Tel était le thème du pèlerinage de Benoît XVI
en 2006, mais l’appel
reste d’actualité.
Cet encouragement reste nécessaire en effet pour cette Église, victorieuse de cinquante ans de persécution, mais blessée par la chute de certains de ses membres.
Le 9 mars 2006, l’Église polonaise a reconnu la collaboration de certains prêtres avec la police secrète communiste et demandé pardon pour tout le mal qu’ils ont infligé. L’Église polonaise avait décidé en effet d’enquêter sur des prêtres espions et « collabos » infiltrés en son sein pendant la période communiste. « Il faut tout simplement enquêter sur cette affaire, nous ne devrions pas craindre la vérité », avait déclaré le père Robert Necek, porte-parole de l’archidiocèse de Cracovie.
Les évêques polonais avaient alors relevé que « dans le terrible système (communiste) qui brisait les consciences humaines, certains hommes d’Église ont eux aussi failli aux attentes ». « Nous le regrettons et demandons pardon, surtout auprès de tous ceux qui ont souffert à cause d’eux », pouvait-on lire dans un texte publié par les évêques.
Dans leur déclaration, les prélats assurent que « l’Église ne fuit pas les questions qui portent sur les problèmes les plus pénibles de son histoire », mais « elle s’oppose à la simplification du problème ».
Selon des estimations de l’Institut de la mémoire nationale (IPN), une institution chargée d’enquêter sur les crimes nazis et communistes et qui dispose des archives de l’ancienne police secrète communiste, plus de 10 % des prêtres polonais ont collaboré avec les services secrets communistes. Encore faut-il s’entendre sur la pertinence de toutes les archives, où la présence de noms peut recouvrir plusieurs réalités.

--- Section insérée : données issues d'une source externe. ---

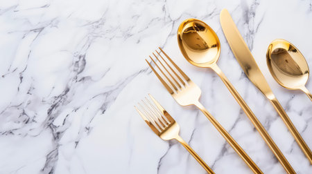 This stunning image features an elegant arrangement of gold cutlery on a marble surface, ideal for showcasing dining settings, events, or culinary art.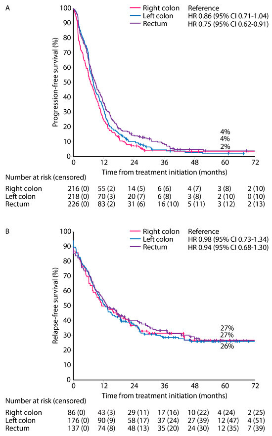RFS from first metastasectomy and/or LAT was similar for all PTLs (median RFS 11.2 vs. 12.6 vs. 13.4 months) and 5-year RFS rates (27% vs. 27% vs. 26%) for right colon, left colon, and rectal PTLs, respectively (Figure 5B).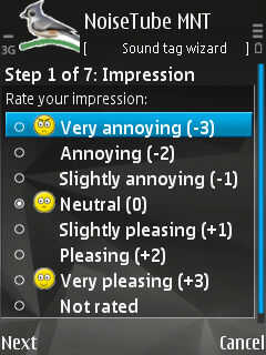 Etiquetado añade una capa de significado a las mediciones físicas a informar a la comunidad y a visualizar la naturaleza del ruido en los mapas luego. Como la selección de películas en YouTube o páginas web en Delicious, puede etiquetar las mediciones de ruido mediante la adición de las palabras libres separadas por una coma (por ejemplo, la fuente de ruido o el contexto, calificación, etc...).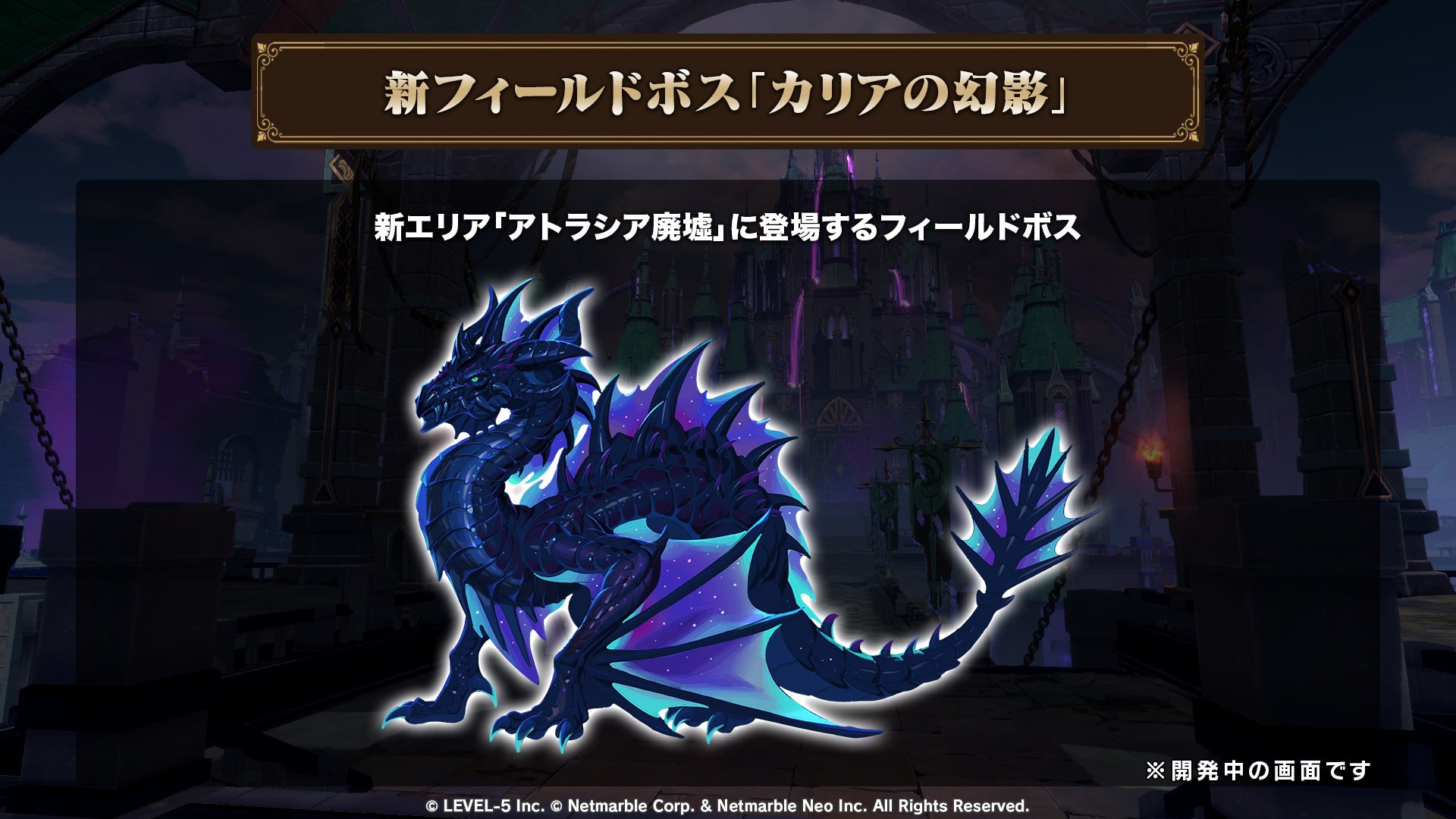 さらに、「アトラシア廃墟」のフィールドボス「カリアの幻影」が新たに登場いたします。「カリアの幻影」は闇属性の守護龍で、暗闇が込められた電流の魔法を使用します。プレイヤーの力を合わせて討伐に挑戦してください。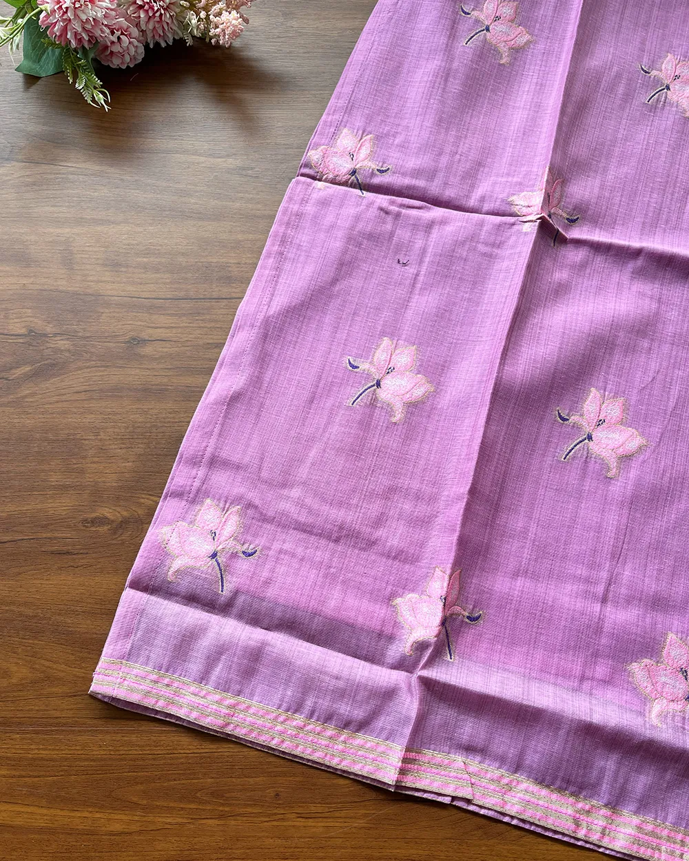 Bring home timeless elegance with this premium Chanderi kurta set in a graceful orchid colour. Crafted from luxurious Chanderi fabric, this ensemble offers a subtle sheen and lightweight comfort, making it perfect for festive occasions and elegant gatherings. The kurta comes with a soft cotton lining attached, ensuring breathability and a smooth fit throughout the day.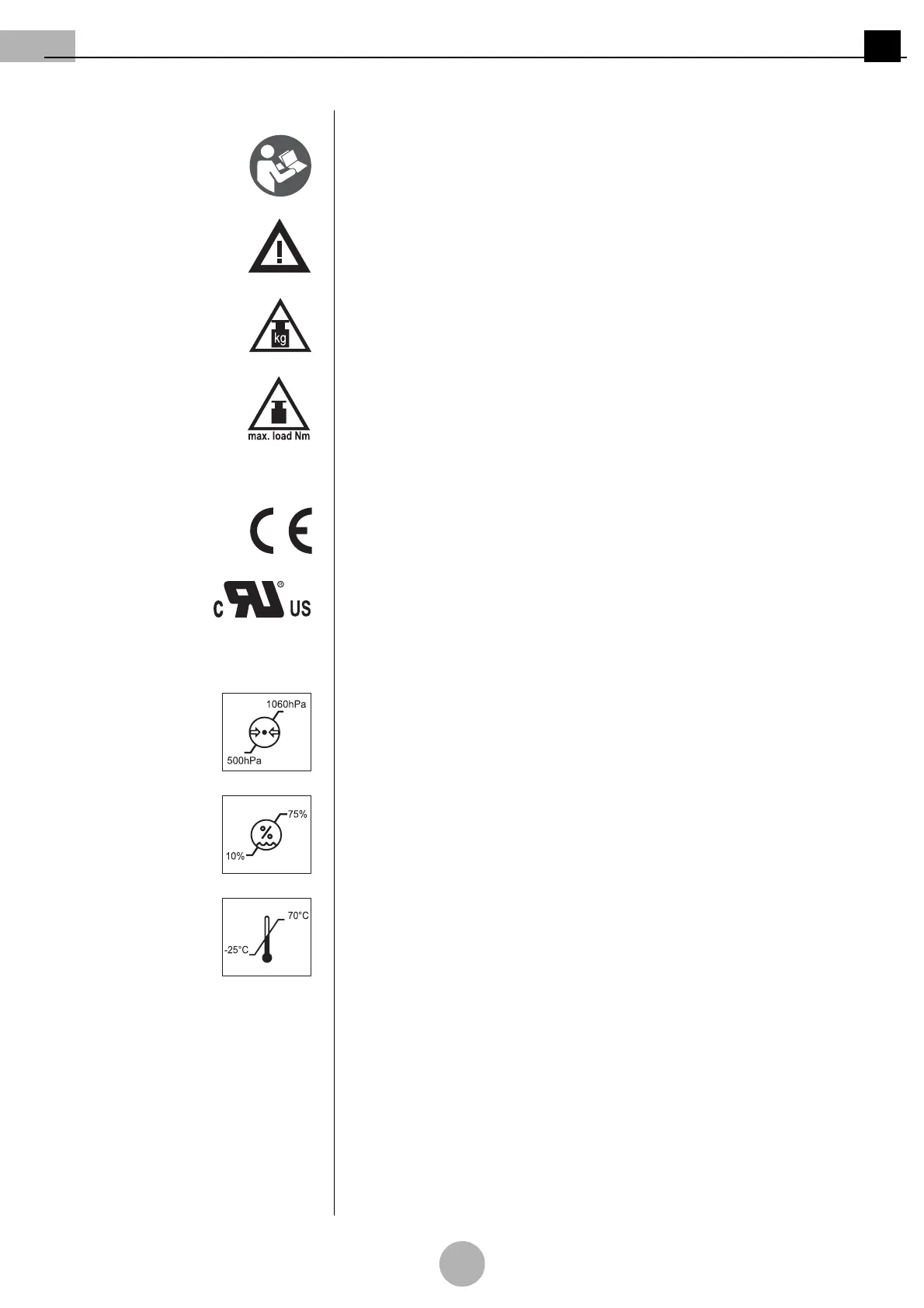 Relative humidity: indicates the permissible humidity values in a range from 10% to 75%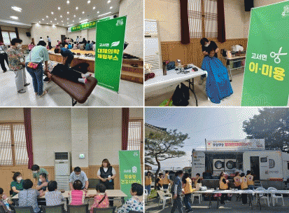 이날 행사는 남부대학교 평생교육원 약초탐방과의 대체의학 체험(이혈테라피, 뜸, 수지침, 물리치료 등), 고서면 보건지소의 건강상담(혈압, 당뇨 체크), 시각장애인협회 담양지회의 손마사지, 담양미용봉사회의 이·미용 서비스, 광주·전남 대한적십자봉사회의 세탁 봉사 등으로 채워져 어르신의 큰 호응을 받았다.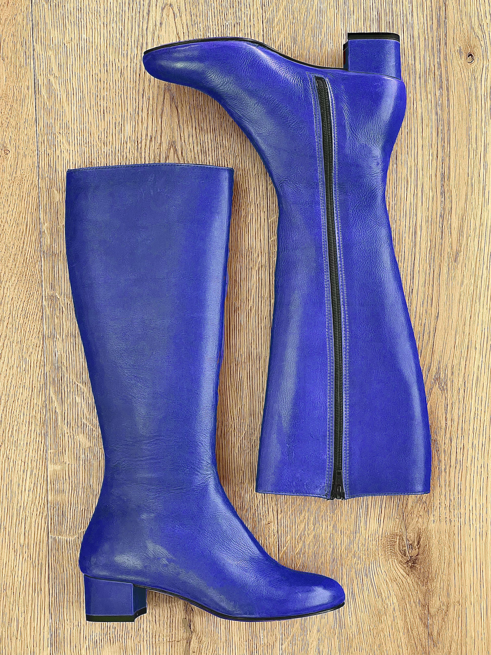 Stiefel aus Leder mit breitem Absatz und runder Spitze.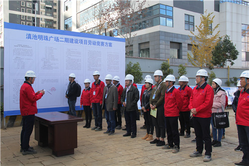 12月8日下午,云南省2018年度重點(diǎn)工程勞動(dòng)競(jìng)賽調(diào)研組蒞臨公司滇池明珠廣場(chǎng)二期項(xiàng)目指導(dǎo)檢查,省總工會(huì)勞動(dòng)和經(jīng)濟(jì)工作部部長(zhǎng)張澤平一行十人進(jìn)行調(diào)研,集團(tuán)工會(huì)副主席趙艷波、公司董事長(zhǎng)陳定華、黨委書記邢儒民、工會(huì)主席胡云紅及相關(guān)職能部門負(fù)責(zé)人陪同。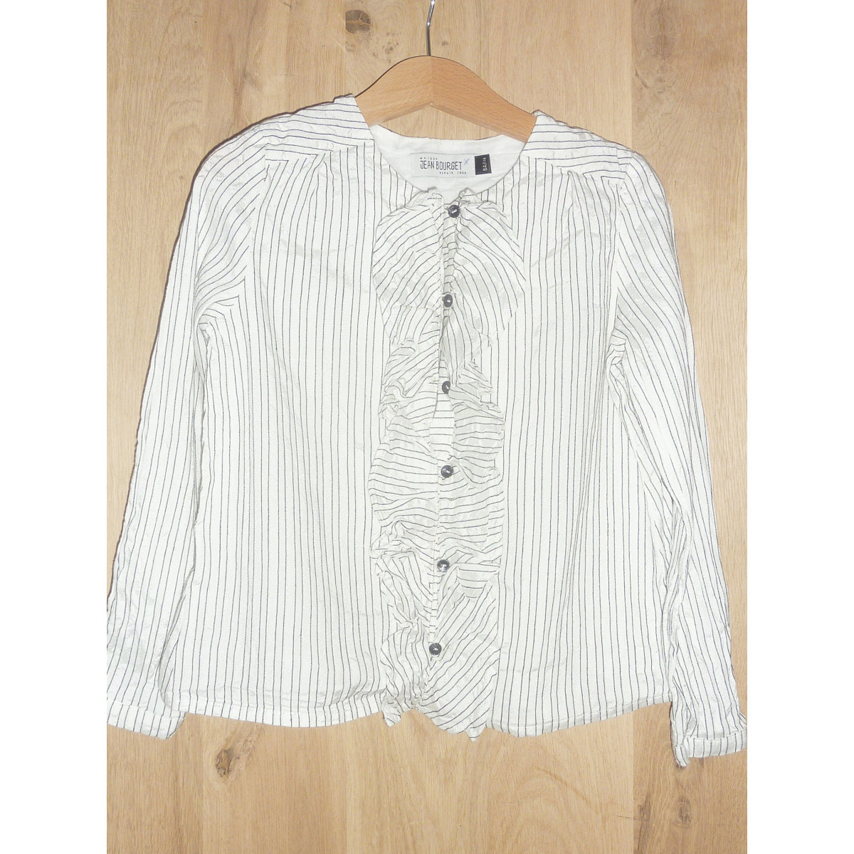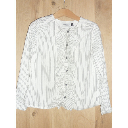 Blouse en excellent état de marque JEAN BOURGET, volantée, rayures de couleur noire sur fond crème.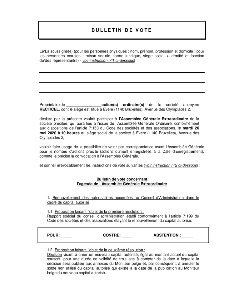 BULLETIN DE VOTE Le/La sous sign(e) (pour LES personnel physiques : not, prom, profession ET domicile ; pour LES personnel morals : raisin social, form critique, side social + identity ET function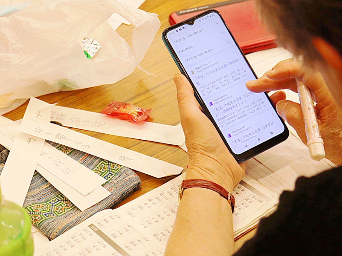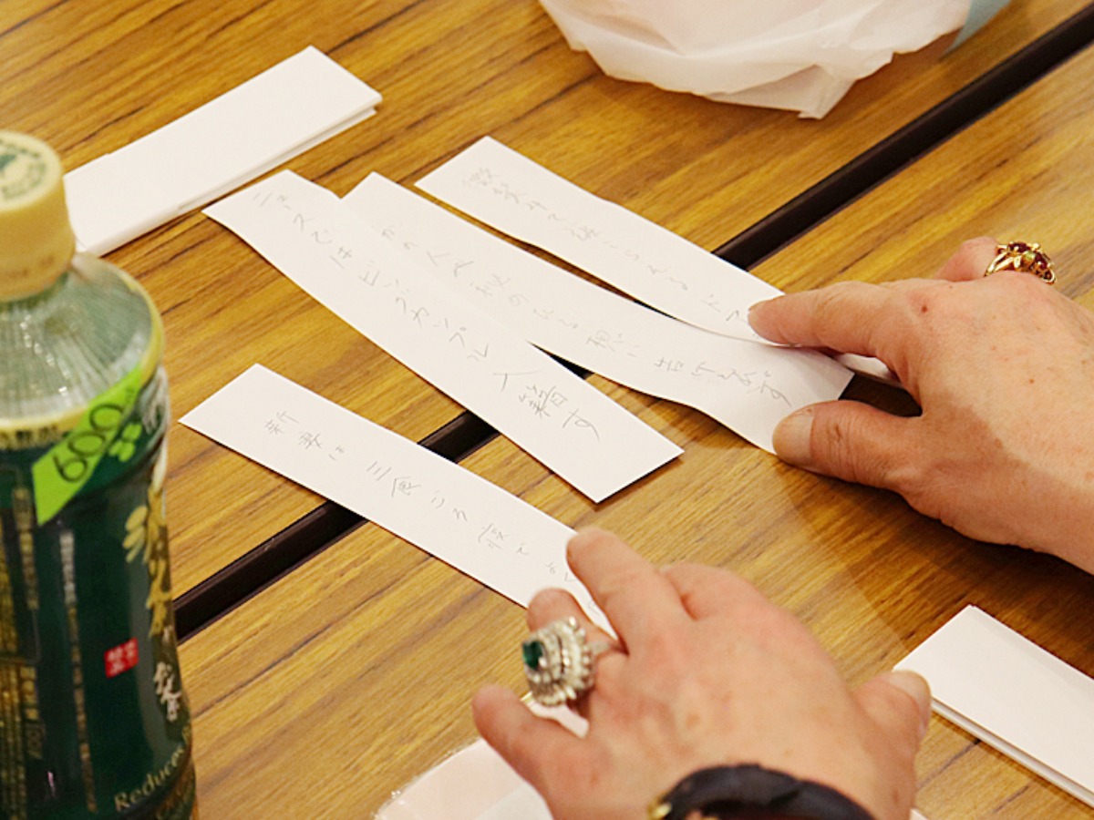 最初の約30分はそれぞれ一人ひとり黙々と句を作る時間。ある程度できたら、みんなで句を出し合いながら全体を作っていきます。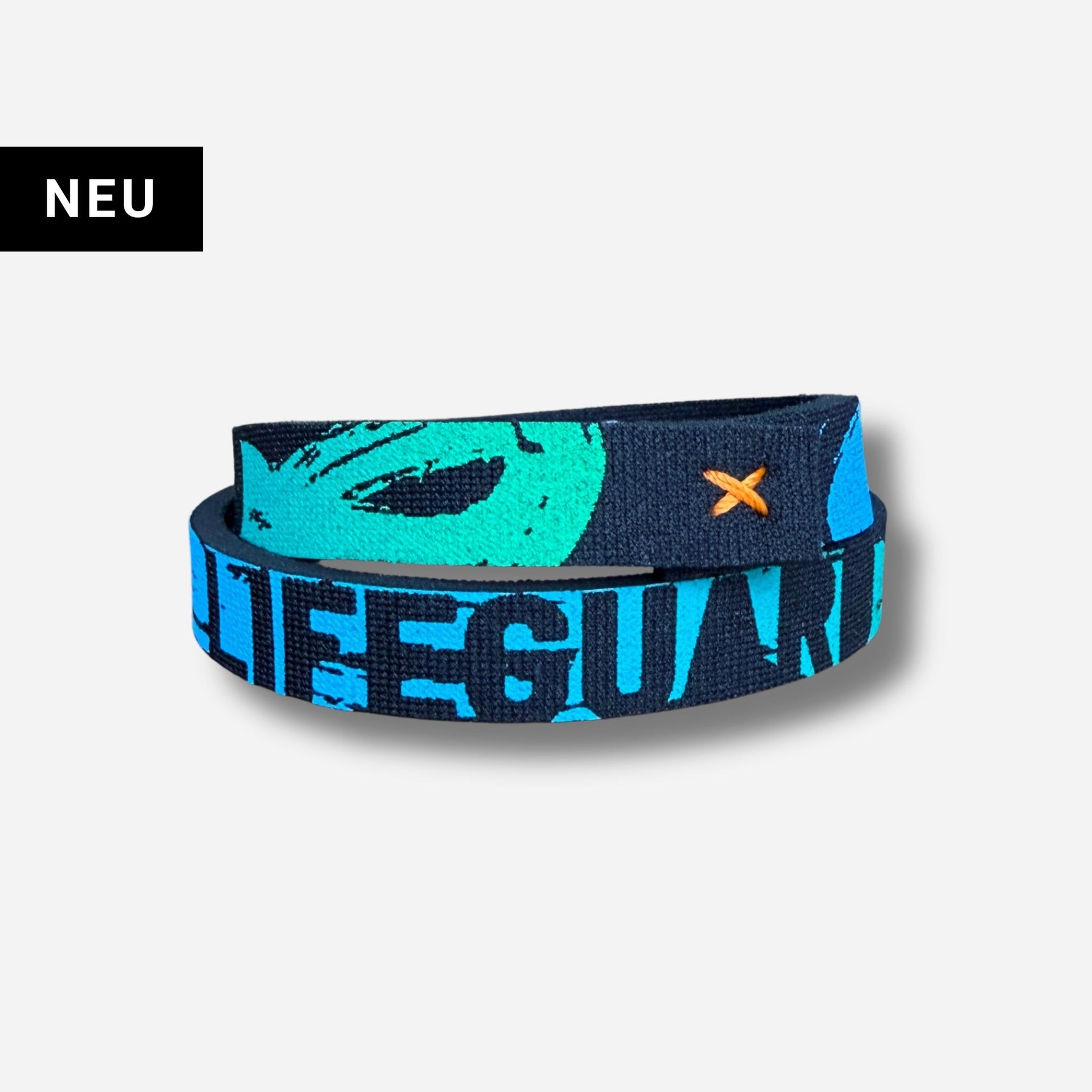 - Inspiriert von den Farben des Ozeans im lebendigen Blau-Grün-Verlauf mit dem Schriftzug LIFEGUARD - im handgedruckten Siebdruck.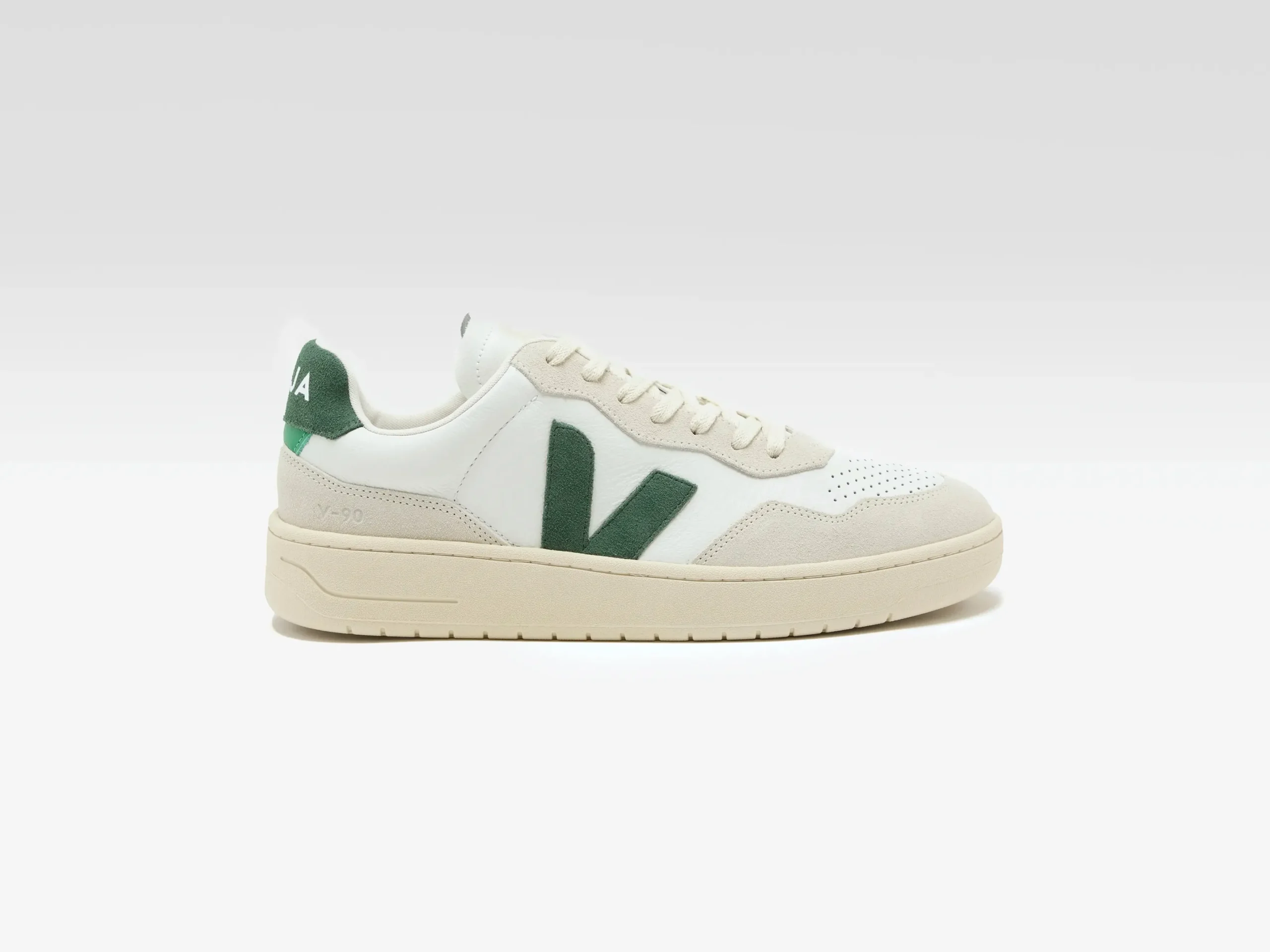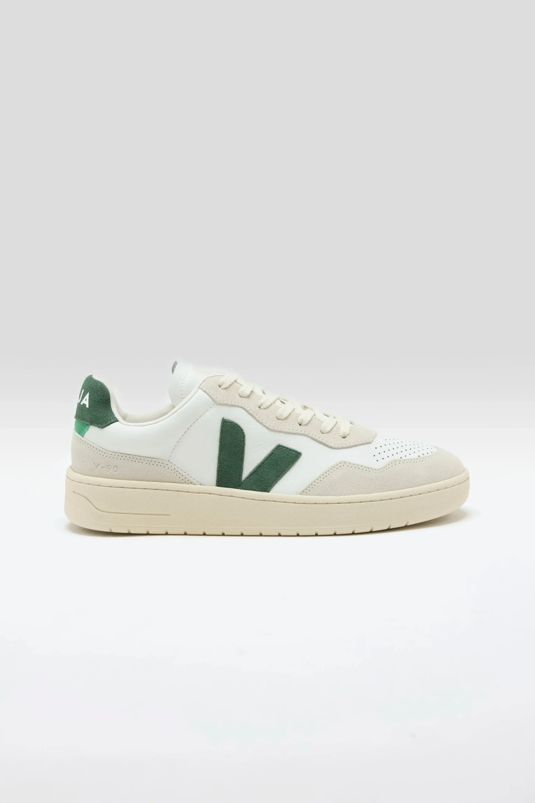 De Veja V-90 sneakers hebben een bovenwerk van Organic Traiced leder met iconische rubberen zolen uit Amazonië en milie…

Mgr Dziwisz, l’archevêque de Cracovie, avait ordonné la création d’une commission. Pour lui, la période communiste a été « un temps de persécution pour l’Église, souvent sanglante et brutale ». Il s’agit par cette étude, notamment, de mettre en valeur « l’attitude héroïque » des prêtres sous le régime communiste, avait-il argumenté en expliquant sa décision. Des historiens de l’Église ont également examiné les dossiers de la police politique.
Et on ne peut contester le très lourd tribut payé par l’Église sous la double occupation nazie et communiste. Ainsi, selon une historienne du musée d’Auschwitz, près de 500 religieux, prêtres et moines y ont été déportés, ainsi qu’une trentaine de religieuses ; près de 40 % d’entre eux y sont morts. Un rescapé du camp de concentration d’Auschwitz a témoigné qu’à leur arrivée au camp, les prêtres savaient qu’ils avaient très peu de chances de survie.
Les prêtres étaient perçus comme les représentants les plus patrio-
tiques de la société polonaise et ils ont été particulièrement visés par le plan d’extermination de l’intelligentsia polonaise.
Le père Zdzislaw Gardocki, 89 ans, qui vit aujourd’hui au monastère des Capucins de Rywalt Krolewski, a été détenu d’abord neuf mois à Auschwitz puis quatre ans à Dachau. Il ne veut pas en parler : « C’est trop difficile. Il a vécu l’enfer. Quand il est sorti de Dachau, il pesait à peine quarante kilos ; il faut le laisser tranquille », explique son supérieur. Environ 2 800 prêtres de différents pays d’Europe ont péri à Dachau. 60 % étaient polonais. Malgré le risque d’être envoyés de suite à la mort, les prisonniers se confectionnaient des chapelets avec de la mie de pain, bien que le pain manquât. Malgré l’interdiction, les prêtres célébraient des messes en cachette, confessaient ou donnaient l’extrême-onction aux mourants. Comment ne pas évoquer ici la figure de St Maximilien Kolbe ?
De ces innombrables sacrifices sont issues de très nombreuses vocations sacerdotales et religieuses, au service de l’Église aujourd’hui en Pologne, mais aussi dans le monde entier.